* Instructions to follow *
For each entry, return the text exactly and omit any image.

Data extracted from a collection:
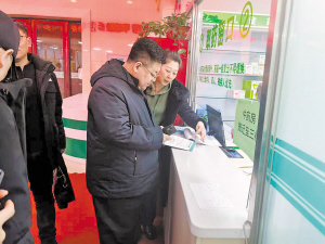 李胜宏(右二)在检查社区卫生中心的药品需求登记情况。 本报讯(记者 徐日明)为深入推进基层医疗保障服务提质增效,精准掌握基层医疗机构服务保障工作落实情况,1月30日,哈尔滨市医疗保障局党组书记、局长李胜宏带领医药处、价采处、协议部赴群力家园社区卫生服务中心开展专题调研,道里区卫健局副局长刘芳陪同。
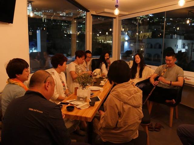 有酒有美食,还有岛上的艺术家一起交流,我们也摆出了古筝和笛箫,与希腊朋友们开始了音乐的对话。
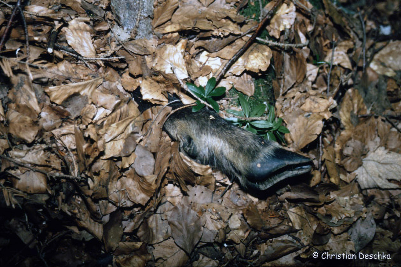 Vor den Niederlegen schlagen Rehe mit den Vorderbeinen ein "Bett" frei. Man kann darin auch Harnflecken und/oder Kot finden.
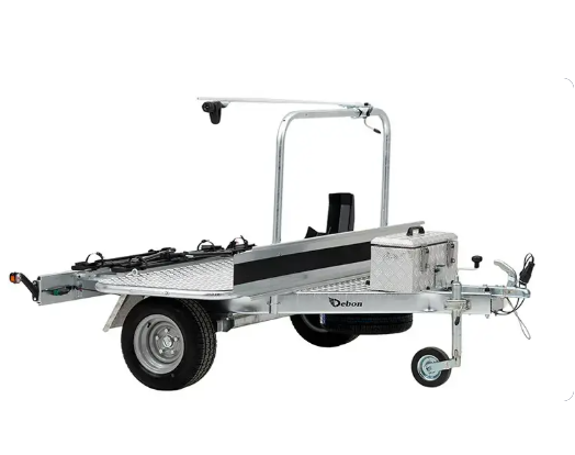 Explore the innovative MOTO Compact Transverse Motorcycle Trailer from Debon Trailers, specifically crafted for motorhome aficionados. The MOTO Compact Transverse Trailer is perfect for individuals aiming to optimise the length of their tow hitch while conveniently transporting a motorcycle. This trailer is distinguished by its compact and practical design.
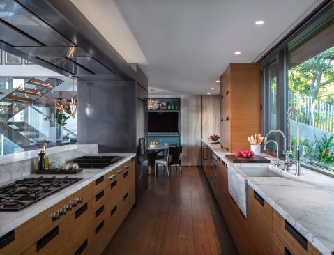 And while the home is outwardly ‘green’ thanks to the turf roof, the residence was also designed to be environmentally sensitive in a number of other ways. One Greenfield Court uses ground sourced heat pumps supported by eight 200’ deep wells to condition both the house and the pool. High levels of internal thermal mass help moderate exterior temperature extremes and semi-passive cooling strategies include a whole-house ventilation system to exhaust hot air from the interior via the ‘air stair’ core. Wood exterior siding systems incorporate rain screen technology and an array of PV cells is installed on the stair tower roof to offset electricity use during the daytime. And in anticipation of a dryer climate, the house incorporates a rainwater retention system with a dual underground cistern capacity of over 15,000 gallons. In recognition of these and other strategies, One Greenfield Court was certified as LEED Gold for homes upon completion in 2017.
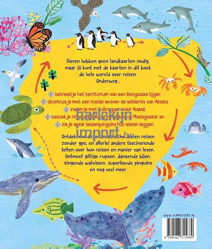 Dieren vinden hun weg zonder landkaarten, gps, kompas, straatnaamborden of andere dingen die wij nodig hebben om niet te verdwalen. Hoe weten ze hoe ze moeten reizen? Door gebruik te maken van de zon, de maan en de sterren, oceaanstromingen, het magnetisch veld van de aarde en hun zicht en reukvermogen…Jij kunt dat niet, maar dankzij de kaarten in dit boek reis je wel met tien verschillende diersoorten de hele wereld over.Onderweg betreed je het territorium van een Bengaalse tijger, doorkruis je met een roedel wolven de wildernis van Alaska, zwem je met bultruggen naar Hawaï, bezoek je ringstaartmaki’s in het bos op Madagaskar en zie je waar keizerspinguïns hun eieren leggen.Ontdek hoe deze fantastische dieren reizen zonder gps en allerlei andere fascinerende feiten over hun reizen en manier van leven. Ontmoet giftige rupsen, dansende bijen, zingende walvissen, superkoude pinguïns en nog veel meer…
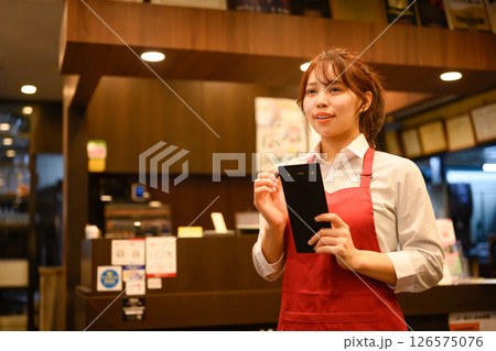 Woman produce clerk holding tablet and standing beside green orange crate in store produce section
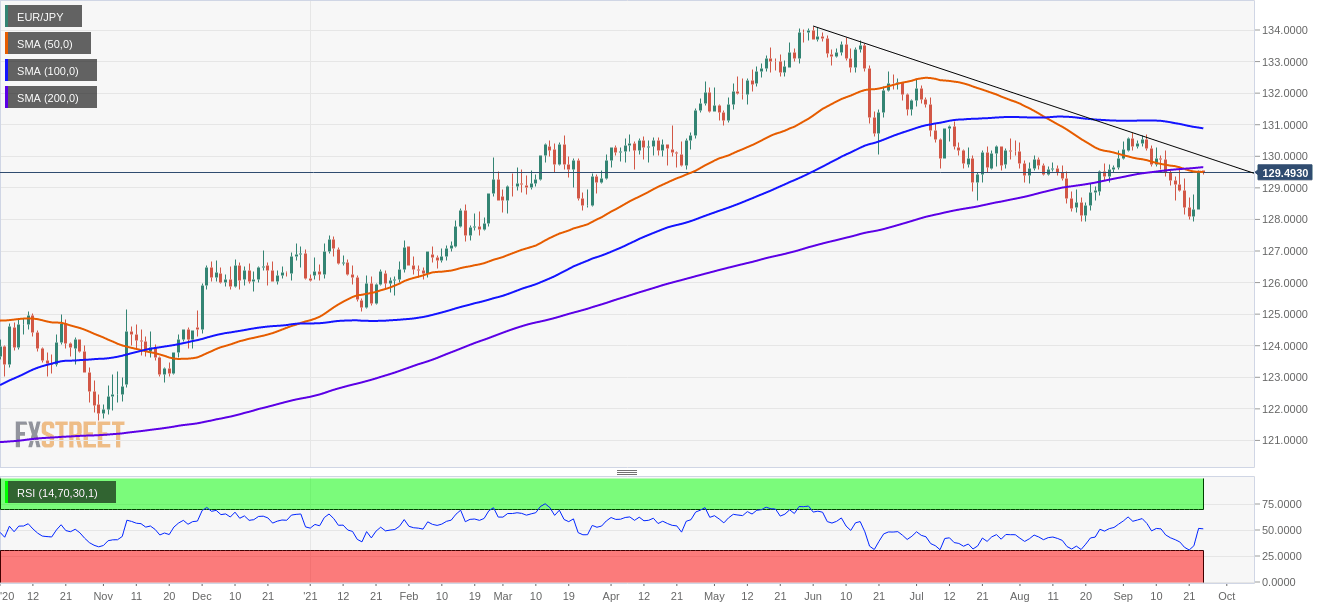 The EUR/JPY uptrend move was capped by the confluence of the 50 and the 200-day moving average (DMA) around 129.51. A daily close above the latter would support the bullish bias in the EUR/JPY. In case of that outcome, the EUR/JPY bulls will find their first resistance level at the downslope trendline around the 130.00-20 range. The following supply zones would be the September 8 swing high at 130.69, followed by the psychological 131.00.
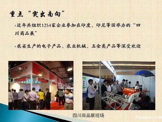 (二)重点“突出南向”。近年来,共组织1254家企业在印度、印尼等南亚、东南亚国家举办“四川商品展”。我省生产的电子产品、农业机械、五金类产品等深受欢迎。
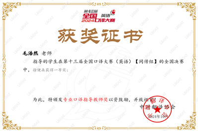 毛浩然. 指导1名学生获第十三届全国口译大赛(英语)【交传组】全国决赛,国家级二等奖,2024年
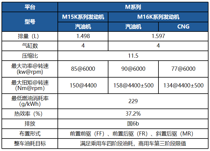 技術成熟、可靠性高、適配性強,滿足乘用車四階段、商用車三階段油耗限值和國6b排放法規。發動機兼顧汽油機、CNG機型,且滿足FF、FR、MR等不同布置形式;配置豐富,可滿足不同車型需求。2023年仍有25款機型正在開發,在商用車汽油機市場處于絕對主力地位。技術特點
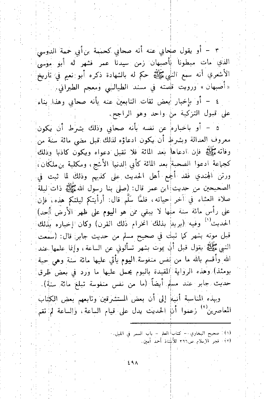 5- أو بإخباره عن نفسه بأنه صحابي, وذلك بشرط أن يكون معروف العدالة وبشرط أن يكون ادعاؤه لذلك قبل مضي مائة سنة من وفاته -صلى الله عليه وسلم- فإن ادعاها بعد المائة, فلا تقبل دعواه ويكون كاذبا وذلك كجماعة ادعوا الصحبة بعد المائة كأبي الدنيا الأشج، ومكلبة بن ملكان، ورتن الهندي, فقد أجمع أهل الحديث على كذبهم, وذلك لما ثبت في الصحيحين من حديث ابن عمر قال: صلى بنا رسول الله -صلى الله عليه وسلم- ذات ليلة صلاة العشاء في آخر حياته، فلما سلم قال: "أرأيتكم ليلتكم هذه، فإن على رأس مائة سنة منها لا يبقى ممن هو اليوم على ظهر الأرض أحد". الحديث1, وفيه: "يريد بذلك انخرام ذلك القرن", وكان إخباره بذلك قبل موته بشهر كما ثبت في صحيح مسلم من حديث جابر قال: سمعت النبي -صلى الله عليه وسلم- يقول قبل أن يموت بشهر: "تسألوني عن الساعة، وإنما علمها عند الله وأقسم بالله ما من نفس منفوسة اليوم يأتي عليها مائة سنة وهي حية يومئذ" , وهذه الرواية المقيدة باليوم يحمل عليها ما ورد في بعض طرق حديث جابر عند مسلم أيضا: "ما من نفس منفوسة تبلغ مائة سنة".
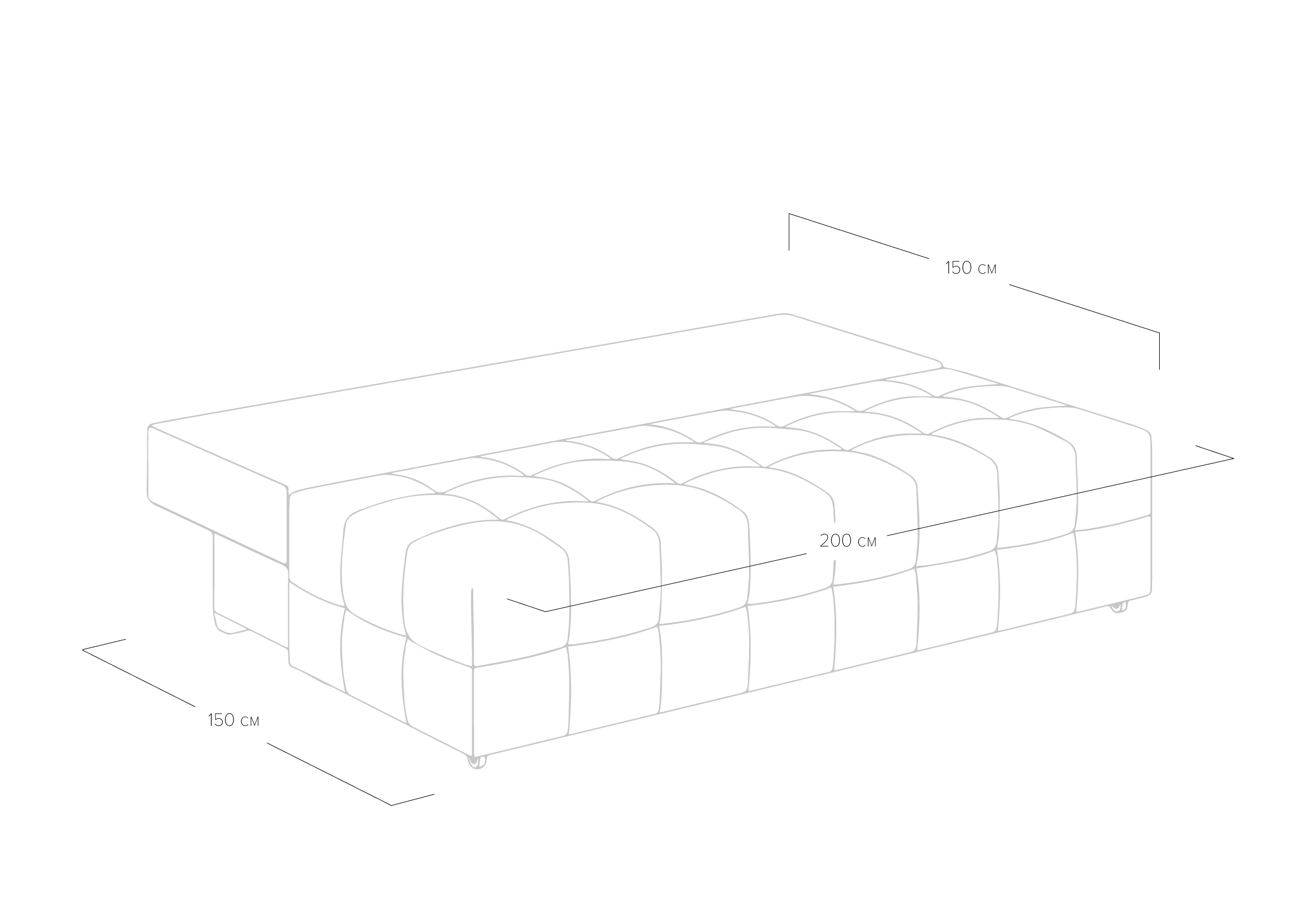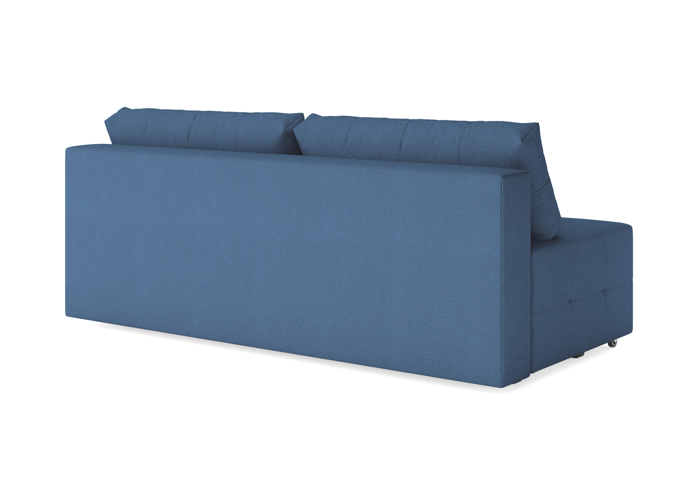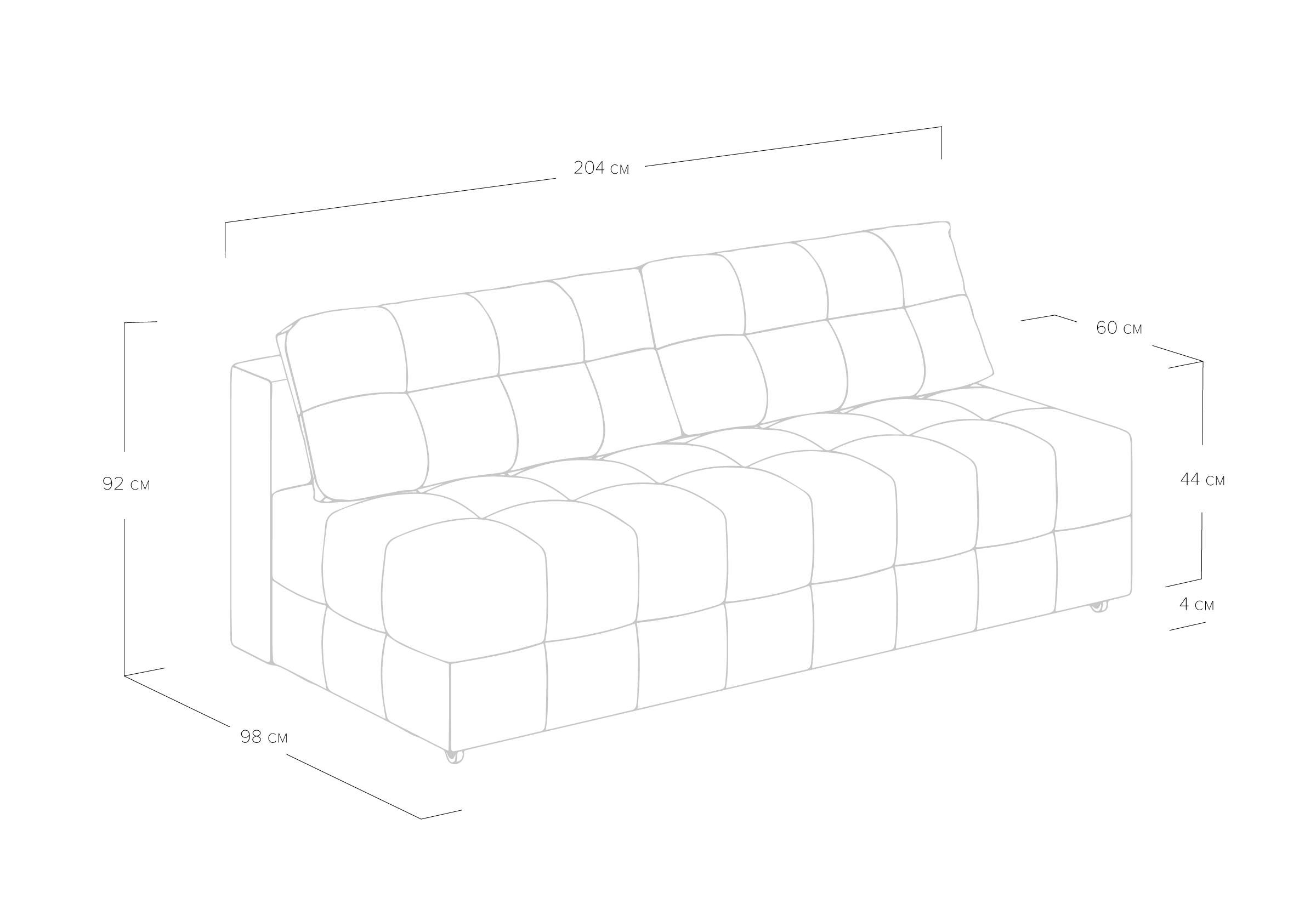 Диван в современном стиле без подлокотников с механизмом трансформации еврокнижка и коробом для хранения. Благодаря объемной стежке в форме квадратов, отсутствию подлокотников и минимальным габаритам диван подойдет для активного городского жителя. Матрас анатомический с независимым пружинным блоком обеспечит комфортное спальное место. В основе мягких подушек – микс наполнителей: поролоновая крошка не дает деформироваться, а синтетическое волокно добавляет комфорт.
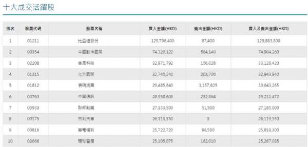 另一方面,深圳方面的南下資金買入金額最大的股票為比亞迪股份。
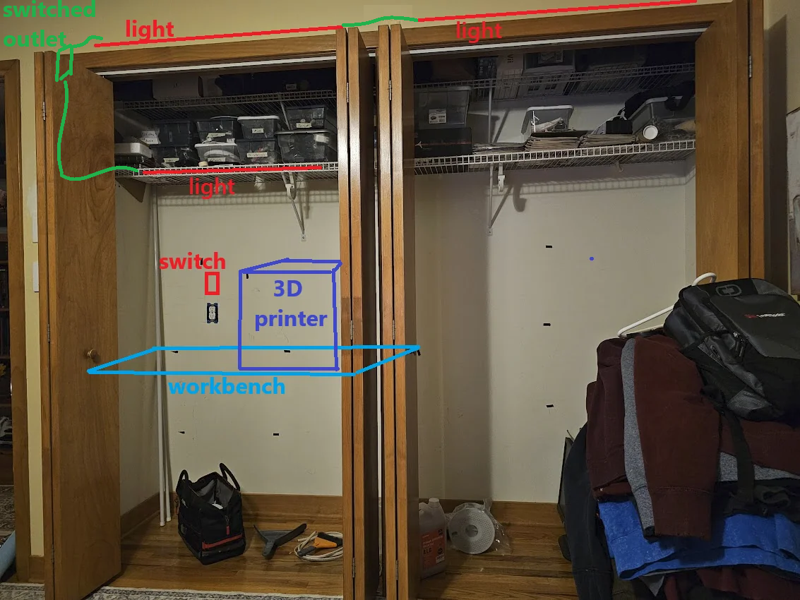 bring the wire along the wire shelf, down the wall, and drill a hole into the switch coverplate's face. (pretty poor idea, but hey, i thought of it, so it goes on the list).
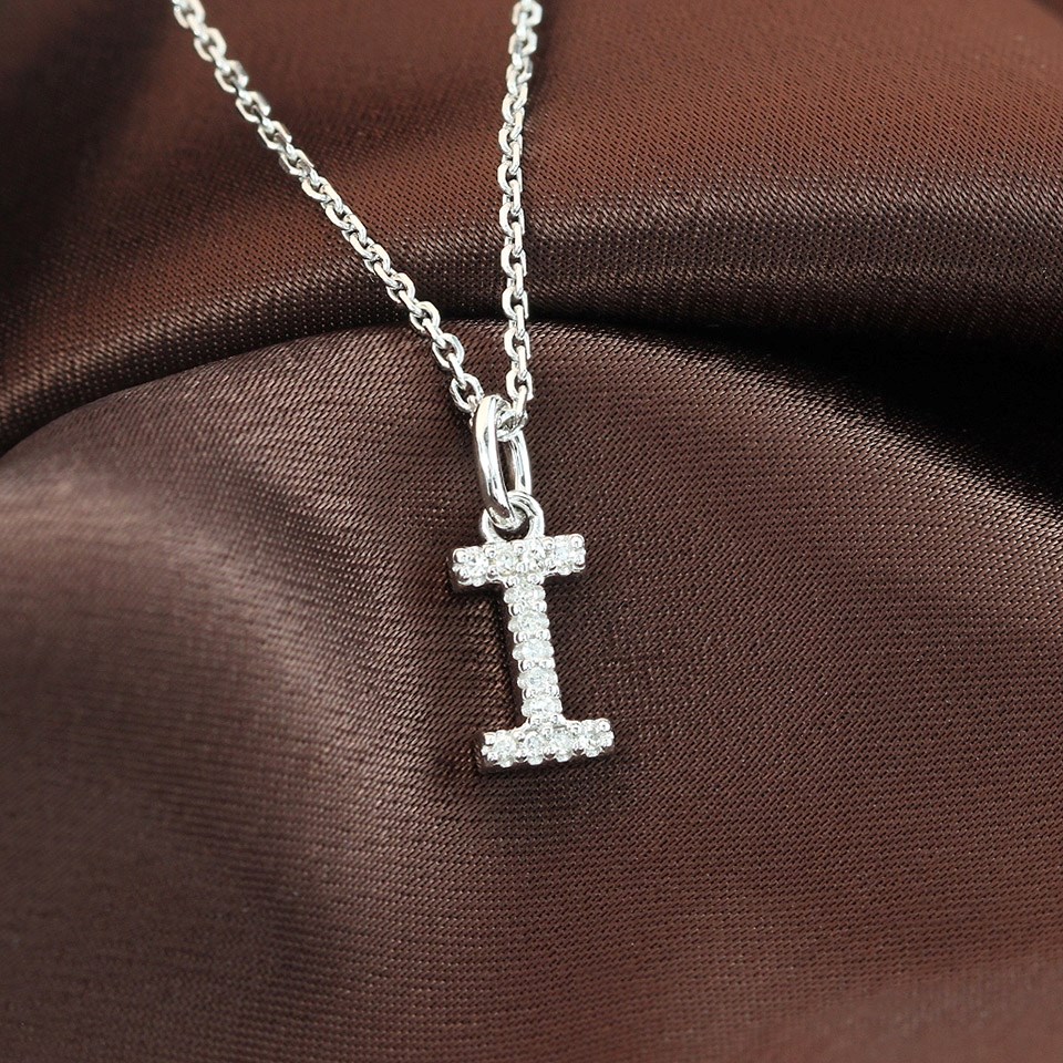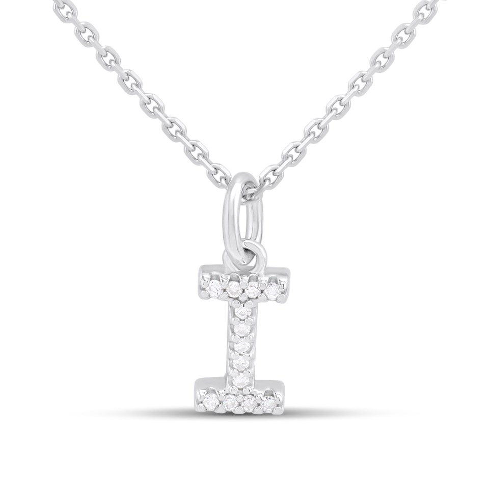 Silver Lab Grown Diamond Initial Necklace- I - F9839
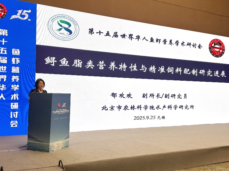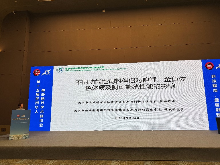 在会上,罗琳研究员和郁欢欢副研究员分别作了题为《不同功能性饲料伴侣对锦鲤、金鱼体色体质及鲟鱼繁殖性能的影响》和《鲟鱼脂类营养我与精准饲料配制研究进展》的口头报告,向与会者分享了团队的研究进展,报告内容得到业界学者、企业代表的高度认可。

* Exercise answer *
 李胜宏(右二)在检查社区卫生中心的药品需求登记情况。 本报讯(记者 徐日明)为深入推进基层医疗保障服务提质增效,精准掌握基层医疗机构服务保障工作落实情况,1月30日,哈尔滨市医疗保障局党组书记、局长李胜宏带领医药处、价采处、协议部赴群力家园社区卫生服务中心开展专题调研,道里区卫健局副局长刘芳陪同。
 有酒有美食,还有岛上的艺术家一起交流,我们也摆出了古筝和笛箫,与希腊朋友们开始了音乐的对话。
 Vor den Niederlegen schlagen Rehe mit den Vorderbeinen ein "Bett" frei. Man kann darin auch Harnflecken und/oder Kot finden.
 Explore the innovative MOTO Compact Transverse Motorcycle Trailer from Debon Trailers, specifically crafted for motorhome aficionados. The MOTO Compact Transverse Trailer is perfect for individuals aiming to optimise the length of their tow hitch while conveniently transporting a motorcycle. This trailer is distinguished by its compact and practical design.
 And while the home is outwardly ‘green’ thanks to the turf roof, the residence was also designed to be environmentally sensitive in a number of other ways. One Greenfield Court uses ground sourced heat pumps supported by eight 200’ deep wells to condition both the house and the pool. High levels of internal thermal mass help moderate exterior temperature extremes and semi-passive cooling strategies include a whole-house ventilation system to exhaust hot air from the interior via the ‘air stair’ core. Wood exterior siding systems incorporate rain screen technology and an array of PV cells is installed on the stair tower roof to offset electricity use during the daytime. And in anticipation of a dryer climate, the house incorporates a rainwater retention system with a dual underground cistern capacity of over 15,000 gallons. In recognition of these and other strategies, One Greenfield Court was certified as LEED Gold for homes upon completion in 2017.
 Dieren vinden hun weg zonder landkaarten, gps, kompas, straatnaamborden of andere dingen die wij nodig hebben om niet te verdwalen. Hoe weten ze hoe ze moeten reizen? Door gebruik te maken van de zon, de maan en de sterren, oceaanstromingen, het magnetisch veld van de aarde en hun zicht en reukvermogen…Jij kunt dat niet, maar dankzij de kaarten in dit boek reis je wel met tien verschillende diersoorten de hele wereld over.Onderweg betreed je het territorium van een Bengaalse tijger, doorkruis je met een roedel wolven de wildernis van Alaska, zwem je met bultruggen naar Hawaï, bezoek je ringstaartmaki’s in het bos op Madagaskar en zie je waar keizerspinguïns hun eieren leggen.Ontdek hoe deze fantastische dieren reizen zonder gps en allerlei andere fascinerende feiten over hun reizen en manier van leven. Ontmoet giftige rupsen, dansende bijen, zingende walvissen, superkoude pinguïns en nog veel meer…
 Woman produce clerk holding tablet and standing beside green orange crate in store produce section
 The EUR/JPY uptrend move was capped by the confluence of the 50 and the 200-day moving average (DMA) around 129.51. A daily close above the latter would support the bullish bias in the EUR/JPY. In case of that outcome, the EUR/JPY bulls will find their first resistance level at the downslope trendline around the 130.00-20 range. The following supply zones would be the September 8 swing high at 130.69, followed by the psychological 131.00.
 (二)重点“突出南向”。近年来,共组织1254家企业在印度、印尼等南亚、东南亚国家举办“四川商品展”。我省生产的电子产品、农业机械、五金类产品等深受欢迎。
 毛浩然. 指导1名学生获第十三届全国口译大赛(英语)【交传组】全国决赛,国家级二等奖,2024年
 技術成熟、可靠性高、適配性強,滿足乘用車四階段、商用車三階段油耗限值和國6b排放法規。發動機兼顧汽油機、CNG機型,且滿足FF、FR、MR等不同布置形式;配置豐富,可滿足不同車型需求。2023年仍有25款機型正在開發,在商用車汽油機市場處于絕對主力地位。技術特點
 5- أو بإخباره عن نفسه بأنه صحابي, وذلك بشرط أن يكون معروف العدالة وبشرط أن يكون ادعاؤه لذلك قبل مضي مائة سنة من وفاته -صلى الله عليه وسلم- فإن ادعاها بعد المائة, فلا تقبل دعواه ويكون كاذبا وذلك كجماعة ادعوا الصحبة بعد المائة كأبي الدنيا الأشج، ومكلبة بن ملكان، ورتن الهندي, فقد أجمع أهل الحديث على كذبهم, وذلك لما ثبت في الصحيحين من حديث ابن عمر قال: صلى بنا رسول الله -صلى الله عليه وسلم- ذات ليلة صلاة العشاء في آخر حياته، فلما سلم قال: "أرأيتكم ليلتكم هذه، فإن على رأس مائة سنة منها لا يبقى ممن هو اليوم على ظهر الأرض أحد". الحديث1, وفيه: "يريد بذلك انخرام ذلك القرن", وكان إخباره بذلك قبل موته بشهر كما ثبت في صحيح مسلم من حديث جابر قال: سمعت النبي -صلى الله عليه وسلم- يقول قبل أن يموت بشهر: "تسألوني عن الساعة، وإنما علمها عند الله وأقسم بالله ما من نفس منفوسة اليوم يأتي عليها مائة سنة وهي حية يومئذ" , وهذه الرواية المقيدة باليوم يحمل عليها ما ورد في بعض طرق حديث جابر عند مسلم أيضا: "ما من نفس منفوسة تبلغ مائة سنة".
 Диван в современном стиле без подлокотников с механизмом трансформации еврокнижка и коробом для хранения. Благодаря объемной стежке в форме квадратов, отсутствию подлокотников и минимальным габаритам диван подойдет для активного городского жителя. Матрас анатомический с независимым пружинным блоком обеспечит комфортное спальное место. В основе мягких подушек – микс наполнителей: поролоновая крошка не дает деформироваться, а синтетическое волокно добавляет комфорт.
 另一方面,深圳方面的南下資金買入金額最大的股票為比亞迪股份。
 bring the wire along the wire shelf, down the wall, and drill a hole into the switch coverplate's face. (pretty poor idea, but hey, i thought of it, so it goes on the list).
 Silver Lab Grown Diamond Initial Necklace- I - F9839
 在会上,罗琳研究员和郁欢欢副研究员分别作了题为《不同功能性饲料伴侣对锦鲤、金鱼体色体质及鲟鱼繁殖性能的影响》和《鲟鱼脂类营养我与精准饲料配制研究进展》的口头报告,向与会者分享了团队的研究进展,报告内容得到业界学者、企业代表的高度认可。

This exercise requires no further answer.